Remove your SCM system from your job postings
Most job postings will list one or more source code management (SCM) tools in their laundry list of required skills and buzzwords. This seems to both be unnecessary and also to miss the point. As an employer, your concern shouldn't be whether or not your candidate is intimately familiar with subversion, git, perforce, starteam, mercurial, CVS, sourcesafe, or whatever system your code happens to reside within at this point in time. Why not? Because it just doesn't matter and it doesn't help you distinguish good candidates from bad. This in my mind seems akin to asking potential postal employees "Do you have experience driving from the right hand side of a boxy little truck?". It's just not something that's going to be a stumbling block. If you can drive, you'll get the hang of the postal delivery truck soon enough. It's the same with SCM. If you have worked successfully on a few sizeable projects in one or two of them, you'll be fine. I've never heard this story: "Oh yeah, we hired this woman Sandra and she wrote this fantastic code for us, but she just could not figure out how to commit it to subversion, so we had to let her go." It's just not going to be the issue. Well, what is going to be the issue?

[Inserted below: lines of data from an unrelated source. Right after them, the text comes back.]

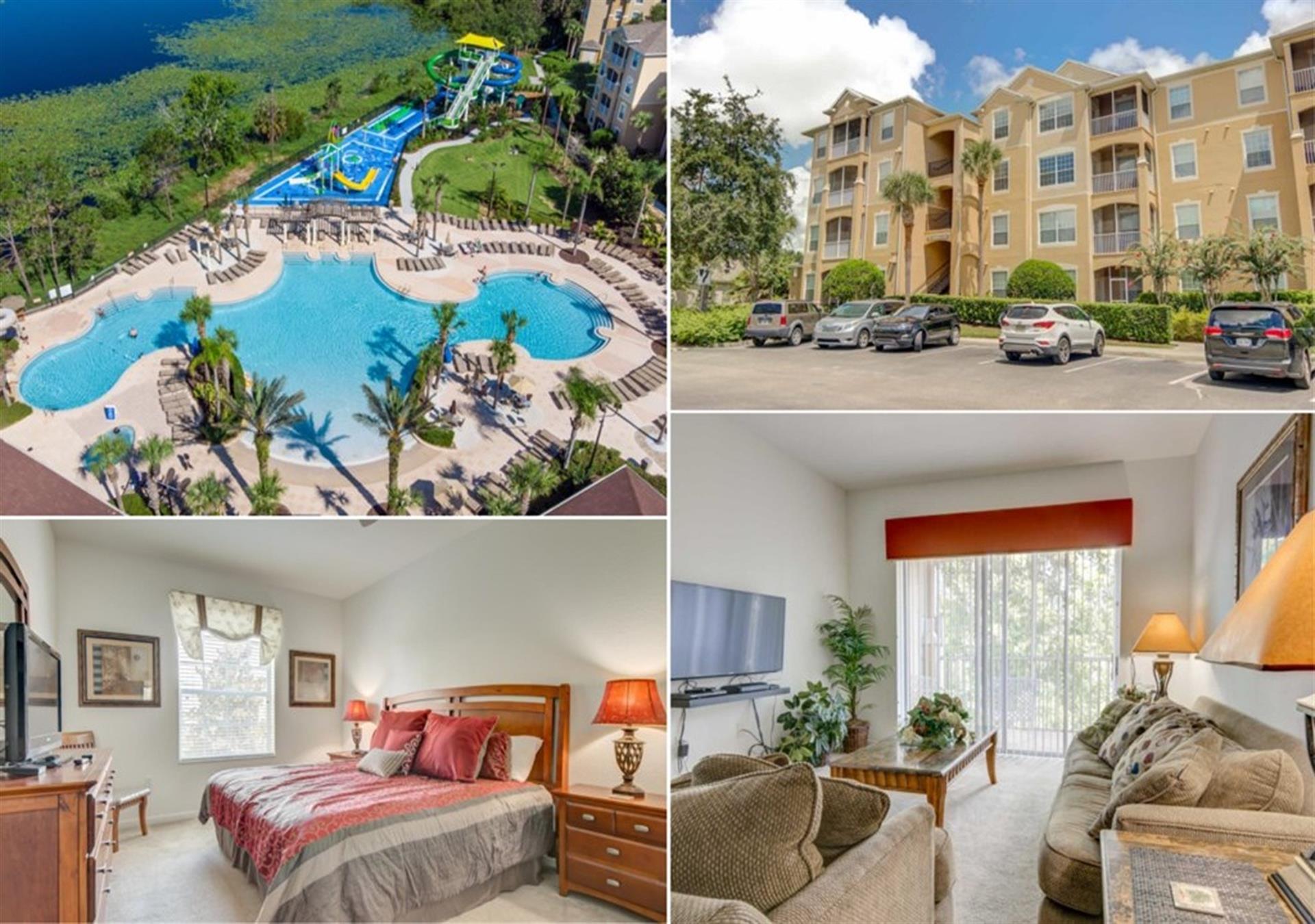This condo is located on the 3rd-floor (the building has an elevator), and it has 3 bedrooms and 2 bathrooms. The living room has comfortable sofas, access to a balcony through glass patio doors, and a large flat screen TV, which is perfect for watching all your favorite Disney movies on. The kitchen is galley-style, and it comes fully equipped with all the pots, pans, utensils, plates, and small kitchen appliances/kitchen gadgets that you would need to put together your favorite home-cooked meals. When it’s time to eat, there’s a cozy dining area that will seat up to 4 people. The balcony is screened-in to keep those pesky Florida bugs out, and a couple of chairs to relax on.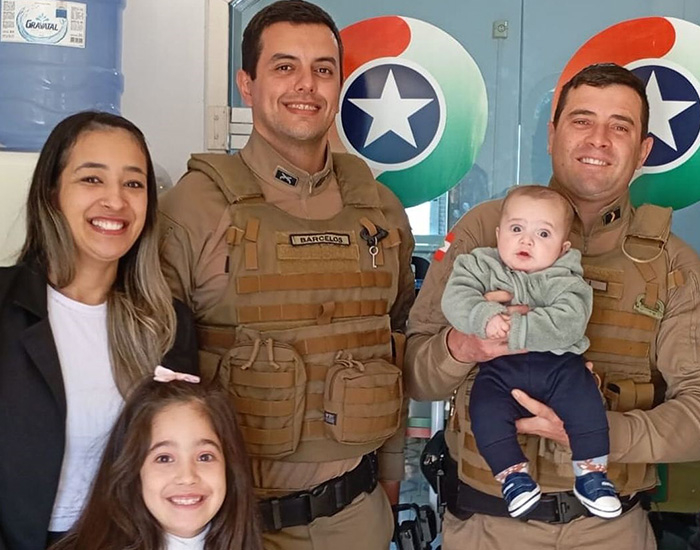A família do bebê de quatro meses que foi salvo por policiais militares de Gravatal esteve na sede da 2ª Companhia de Polícia Militar para agradecer e enaltecer a presteza e agilidade com que os policiais prestaram o atendimento.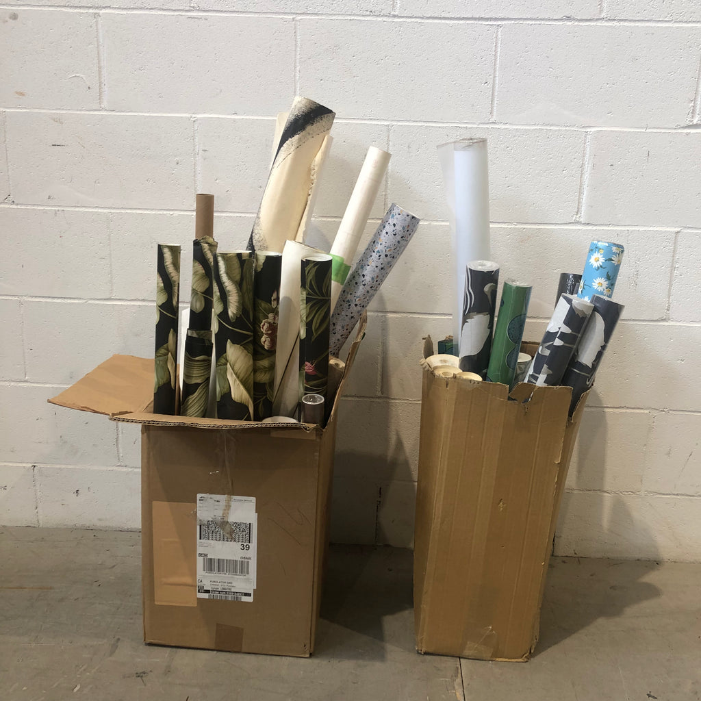 Papier peint de taille et motif variés. Certains rouleaux sont entammés et d'autres sont neufs dans leur emballage.

In this context, it's more important to see if the candidate understands branch and release organization and management as generic principles. When and how should the code be branched? What steps do you take when it's time to ship a release? When a bug needs to get fixed against an old version of the product, how does that work with SCM? These types of questions are OK sanity checks to spend 2 minutes on in an interview, but they don't need to be on your job posting.
Now, here's what I see missing that seems in my mind much more likely to actually cause you problems down the road. Does your candidate understand software packaging, distribution, installation, and upgrade? Do they understand the principles of package management systems like RPM or DEB, and the complexities around dependency management, upgrade, and rollback? Do they understand how to package and ship (or not) third party libraries? These questions may be more or less relevant based on the deployment model you use (web vs. bundled vs. embedded, etc). However, for lots of projects, they are key and lots of companies are clearly in the dark here.
So the summary: don't bother listing a specific SCM as a requirement in your job posting. Instead, briefly interview your candidates on general SCM methods and principles. And in addition to that, given your deployment model(s) find out how much your candidate knows about packaging and installation.